В поисках пустыни совершенной уходил он все дальше и дальше, от людей к Богу: на гору ушел сначала только с тремя братьями; потом ушел и от них, — в такое место, где они не могли видеть его; потом, — где не могли слышать, на отдельную, отовсюду окруженную безднами, скалу. С местом, где жили братья, в лиственных хижинах-кельях, соединял эту скалу только перекинутый головокружительным, над бездною, мостиком, буковый ствол.[264]
«Господи, дай мне узнать, как Ты любил и страдал!» — молился Франциск.[265]
Сын Божий возлюбил меня и предал Себя за меня (Гал. 2, 20), — это самая глубокая и огненная из всех человеческих мыслей; кто понял и пережил ее как следует, для того становится она единственной; больше ни о чем думать и чувствовать не может он ничего.
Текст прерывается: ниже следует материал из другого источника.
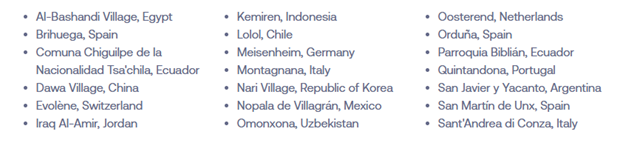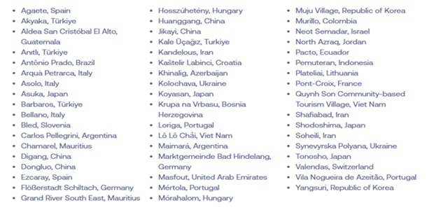 The list of the 52 Best Tourism Villages by UN Tourism 2025 is as follows (in alphabetical order by village):

Это поглощает всего человека, — не только душу его, но и тело; в теле своем испытывает он хотя и бесконечно малую, но все же возрастающую меру того, что испытал за него Распятый. «В теле моем я чувствовал Страсти Господни», — вспоминает Франциск о том, что с ним было на горе Альверно.[266]
259
Specul. Perfect. IV. 31. — В подлиннике слова несколько иные, но смысл их таков, если даже еще не страшнее.